Define CAMLunreachable in GCC < 10

[MisterDA]

This also reverts commit 034f273.

Tested in Ubuntu 20.04 with GCC 9 in a Docker image.

$ cd ocaml
$ git checkout XXX # this branch or trunk
$ docker run --pull=missing --rm -v .:/mnt gcc:9 sh -c \
    'cd /mnt && git clean -fdX && ./configure --disable-ocamldoc && make -j$(nproc) runtime/ocamlrun'

Reported by @nojb in #13242 (comment).
cc @gasche

[shindere]

Miod Vallat (2024/07/24 01:33 -0700):

@dustanddreams approved this pull request. > @@ -382,7 +382,9 @@ CAMLexport int caml_ba_compare(value v1, value v2) case CAML_BA_CAML_INT: case CAML_BA_NATIVE_INT: DO_INTEGER_COMPARISON(intnat); - default: CAMLunreachable(); + default: /* Should not happen */ + CAMLunreachable(); + return 0; /* Keeps GCC -Wall happy */ Maybe mention `GCC 9` rather than simply `GCC`, so that next time someone wonders whether this line is still needed, that person can check whether gcc 9 is still in use somewhere and able to build the current OCaml codebase.

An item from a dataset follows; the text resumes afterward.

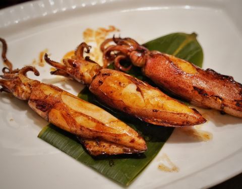 油焗小管,一整只小管,油焗得油光发亮,一看就很有食欲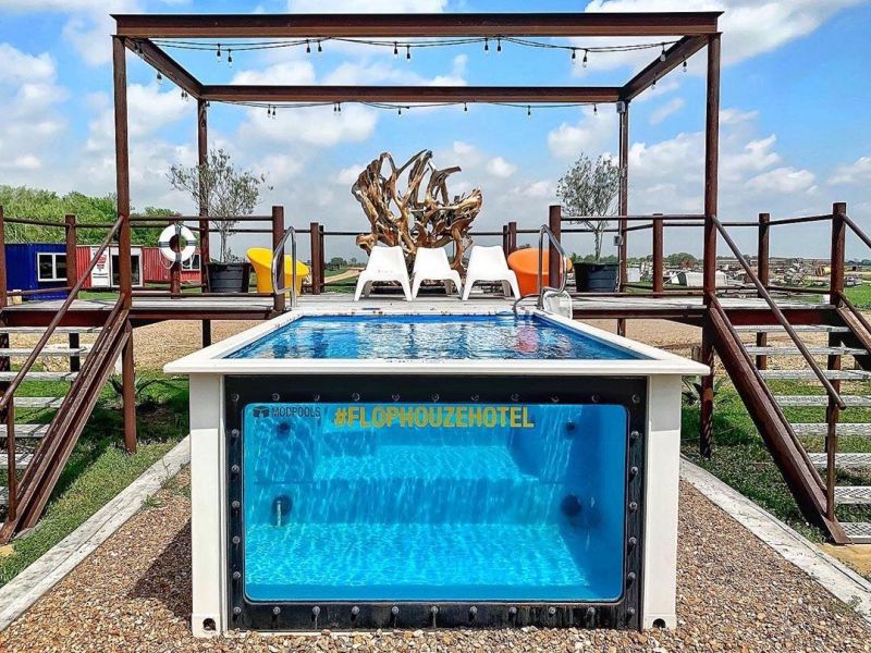 該項(xiàng)目所有的生態(tài)時(shí)尚內(nèi)飾覆蓋都來(lái)自當(dāng)?shù)氐幕厥漳静?。為了捕捉廣闊的田園風(fēng)光和自然采光,酒店的窗戶(hù)均來(lái)自一些待拆建筑的窗戶(hù),體現(xiàn)了循環(huán)利用的回收理念。酒店的中部擁有一個(gè)公共戶(hù)外休閑區(qū),帶有遮陽(yáng)棚的露臺(tái),以及一個(gè)集裝箱改造而成的泳池。

Thanks for both the PR and the review. Just approved. Good to go once the suggestion above has been taken into account and CI passes.

[gasche]

I would like to understand a bit more what is going on here:

• there are many versions of CAMLunreachable depending on conditional tests, which one is gcc 9 using?
• is the problem that this version always aborts, but gcc 9 does not notice this, or that this version sometimes does not abort?

[gasche]

I had a look myself:

• the definition used for gcc 9 is CAMLassert(0), which indeed does not always abort the program (only in debug mode)
• the reason why gcc 9 uses this definition is that it does not support __has_builtin, but it in fact has __builtin_trap available, it was introduced in gcc 4.3 released in march 2008.

[MisterDA]

GCC 9 doesn't have __builtin_trap, so CAMLunreachable defaults to CAMLassert(0). The problem is that CAMLassert(0) defaults to an empty expression ((void)0) in the default runtime, which doesn't stop the program execution. GCC then errors because either the function ends without a return, or because some values are left uninitialized as the control flows continues out of the switch.
This PR returns to the default behavior before #13242 of using dummy return values in case the compiler doesn't support trap. One of the first iterations of #13242 used abort() in this case.

[MisterDA]

the reason why gcc 9 uses this definition is that it does not support __has_builtin, but it in fact has __builtin_trap available, it was introduced in gcc 4.3 released in march 2008.

oh, missed that, thanks

[gasche]

This suggests the following:

• the specific issue with gcc could be fixed by checking that (gcc >= 4.3), if we are not already assuming this, as an alternative to the __has_builtin(__builtin_trap) check
• or we could check for __builtin_trap at configure-time, which is more portable
• I wonder if there is an alternative fallback case that always interrupts evaluation. One way to do this would be to define CAMLunreachable1(x) instead of CAMLunreachable(), where x is (evaluated and) returned only in the fallback case. Maybe there exists a C-friendly way to do this without asking the user for a dummy value?

[MisterDA]

We're already using __has_builtin(XXX) || defined(__GNUC__) in other places, I think that's the simplest.

[gasche]

Yep, our configure requires (gcc >= 4.9), so it would suffice to check __GNUC__ to enable the __builtin_trap version, as an alternative to the __has_builtin check.

[gasche]

This looks good, do I correctly understand that you tested the new approach on gcc 9?

[gasche]

We may still have an issue with older compilers or compilers that do not have __builtin_trap(), where the current fallback definition is incorrect outside debug mode. Maybe the fallback should be abort() instead?

[gasche]

(Note: I'm fine with merging the PR as-is, which fixes the immediate issue with gcc 9, and letting you cook up a longer-term fix for the fallback case separately.)

[MisterDA]

We may still have an issue with older compilers or compilers that do not have __builtin_trap(), where the current fallback definition is incorrect outside debug mode. Maybe the fallback should be abort() instead?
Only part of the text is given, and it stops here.